Poczta ma chrapkę na działkę w Świlczy, która jest w rękach KOWR-u. To właśnie tam zamierza wybudować sortownię. Koszt inwestycji szacowany jest na ok. 200 mln zł. O powierzchni działek do zamiany żadna ze stron porozumienia jednak dziś nie mówi.
Podobno nie ma to większego znaczenia, bo najistotniejsza jest wartość działek – kto i ile będzie musiał dopłacić. Różnica w wartości działek nie może być większa niż 30 procent. KOWR jest gotowy oddać swoją i przejąć działkę w Trzebownisku.

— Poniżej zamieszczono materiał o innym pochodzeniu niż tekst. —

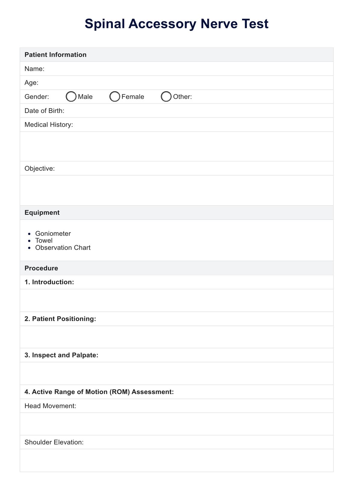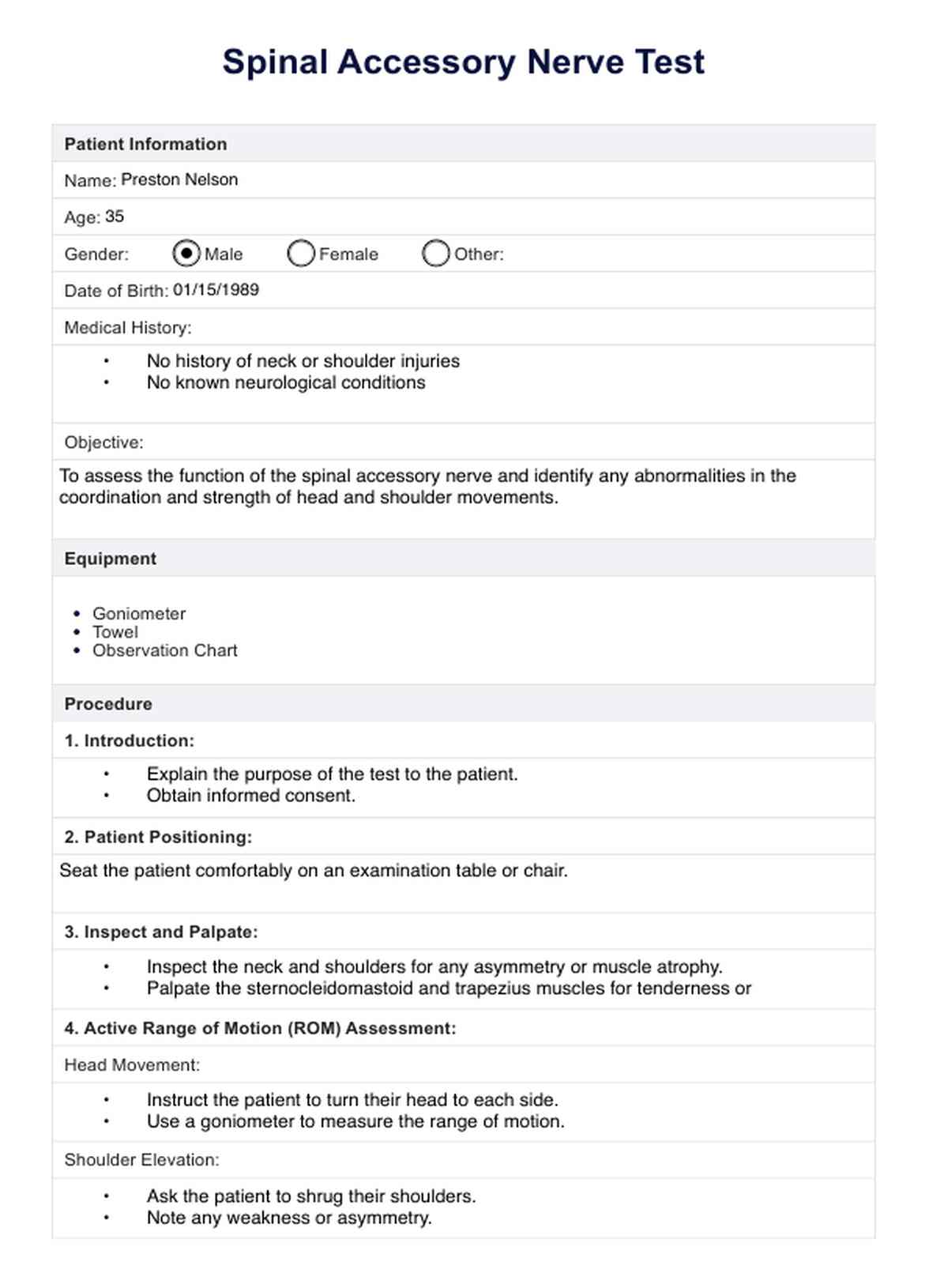 Descubra cómo realizar una prueba del nervio accesorio espinal con nuestra completa guía y nuestro ejemplo. Descargue el PDF gratuito de Carepatron como referencia.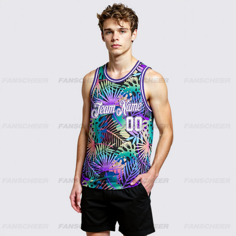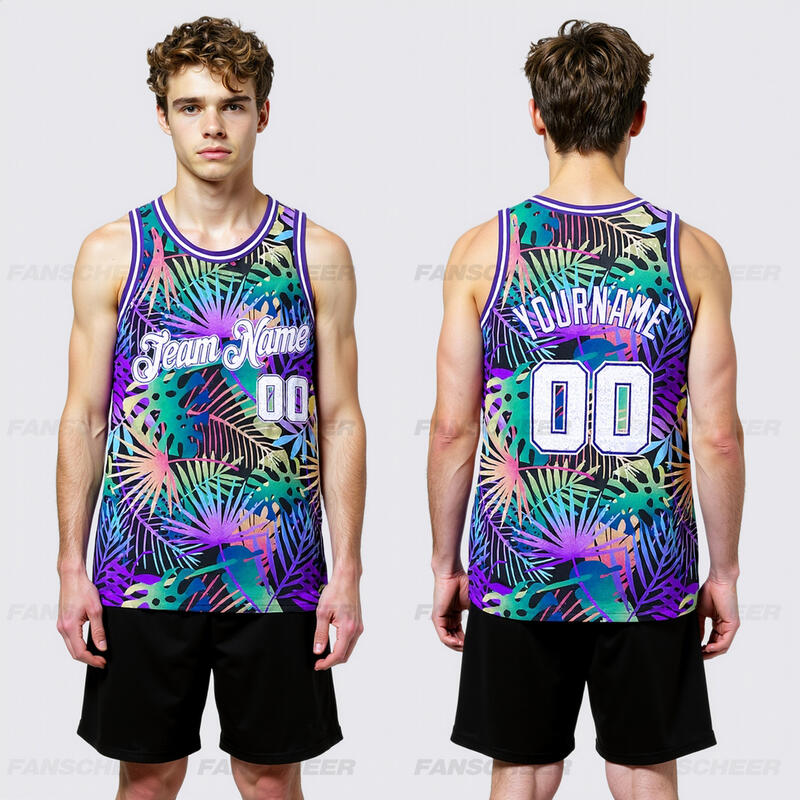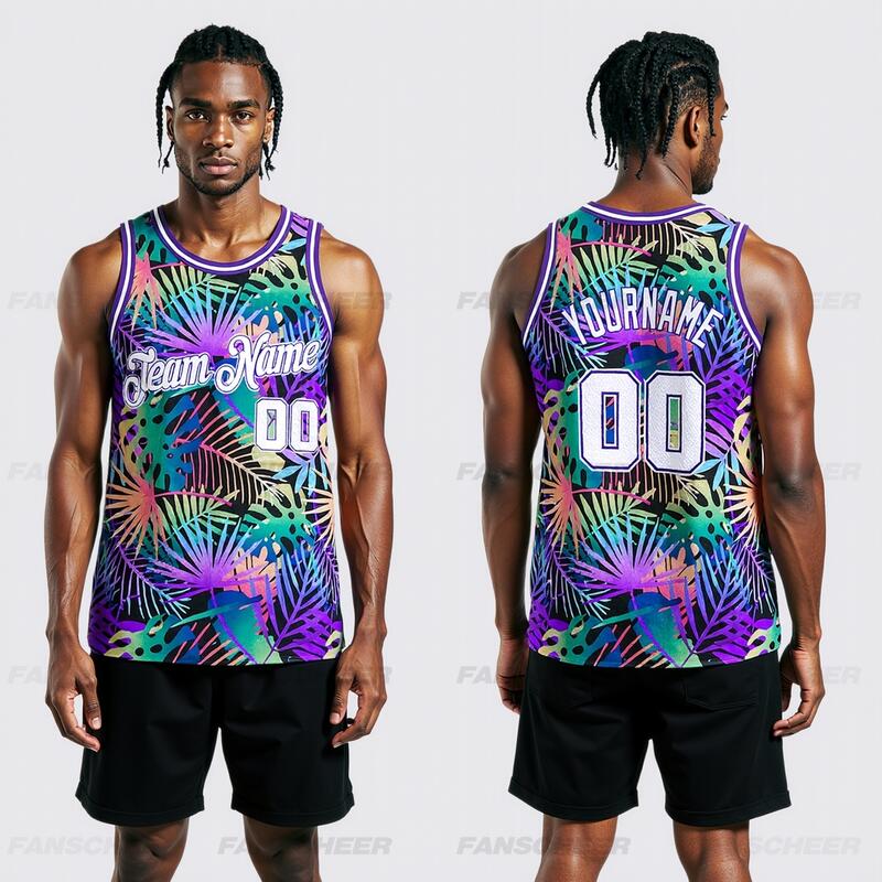 Custom Purple White-Purple 3D Pattern Tropical Hawaii Plants Authentic Basketball Jersey

Po podpisaniu porozumienia, w pierwszym etapie mają być wykonane analizy stanu prawnego i biznesowego oraz podział geodezyjny. – Mamy szansę, aby inwestycja pocztowa powstała już za dwa lata – twierdzi Jerzy Borcz, dyrektor rzeszowskiego KOWR-u.
Sortownia w Świlczy ma być jednym z elementów strategii Poczty Polskiej, która chce się stać liderem internetowego handlu. W powodzenie biznesu wierzą władze Podkarpacia.
– Takie nowoczesne centrum świetnie pasuje do naszego regionu, zwłaszcza w kontekście bliskości Ukrainy i usług pocztowych czy kurierskich do kraju naszych sąsiadów – uważa Władysław Ortyl, marszałek podkarpacki.